Page 1 of 1

LDIVU questions

Posted: Fri Apr 21, 2017 3:08 pm
by Redeye
Although I've tried to avoid it, I need to do a long division operation in my code. Preferably quite quickly. So I'm using the LDIVU instruction on an XCORE200 processor in inline assembly as follows :

Code: Select all

asm(".syntax architectural\nLDIVU %0,%1,%2,%3,%4\n.syntax default" : "=r"(output) , "=r"(remainder) : "r"(al) , "r"(denominator) ,"r"(ah));
It seems to be working fine, but reading the XS2 Architecture Manual raises a couple of questions :

1. This instruction can take up to bpw cycles to complete and the timing analyser assumes the worst case of 32. Can someone explain the "up to" part to me? What input values cause the worst case and best case?

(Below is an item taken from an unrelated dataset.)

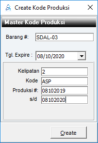 Apabila ingin mengetahui mengenai tanggal expire suatu produk, maka data tersebut bisa di catat pada menu Kode Produksi setiap ada kode produksi/ batch baru.

2. The manual says "the divide unit is shared between threads". Does this mean that if I try to do an LDIVU operation on 4 threads on the same tile at the same tile then 3 of the threads will block while the first thread completes?

Re: LDIVU questions

Posted: Tue Apr 25, 2017 6:15 pm
by ahogen
I'm no XMOS expert, but in response to #2, I would imagine that, yeah, any single instruction would be blocking. For most instructions, that's only once cycle so everybody's happy. But for a divide, I don't think it'd make much sense to put new instructions in your single, shared pipeline before a divide has completed.

Re: LDIVU questions

Posted: Tue Apr 25, 2017 8:20 pm
by data
Plain old user here, not factory -- but my understanding is that the operation time depends on the argument values (this is common for dividers), and trying to play the odds on that is not generally useful.

And yes, as I understand it, there is only one divide unit per tile, so everything on that tile has to queue up to use it.

32 cycles is pretty quick for this operation, so I don't usually worry about it, except for real-time DSP code: I go to quite some length to keep divisions out of that. When a division has to be done, I assume 32 * n worst case cycles, n being the number of threads which might use the divider.

Re: LDIVU questions

Posted: Wed Apr 26, 2017 9:42 pm
by Redeye
Hmmm, yes that was my interpretation too. Unfortunately this is in real-time DSP code and the worst case I'd assumed (as you had too) gets a bit borderline.

Using xscope to measure the function timing suggests that it's normally quite a lot less than 32 cycles which is why I wondered if there were any rules for the worst case that would help me stay on the safe side.

For this particular application speed is more important than accuracy so I think there's probably a quicker (and more importantly, deterministic) method than the LDIVU function for this case.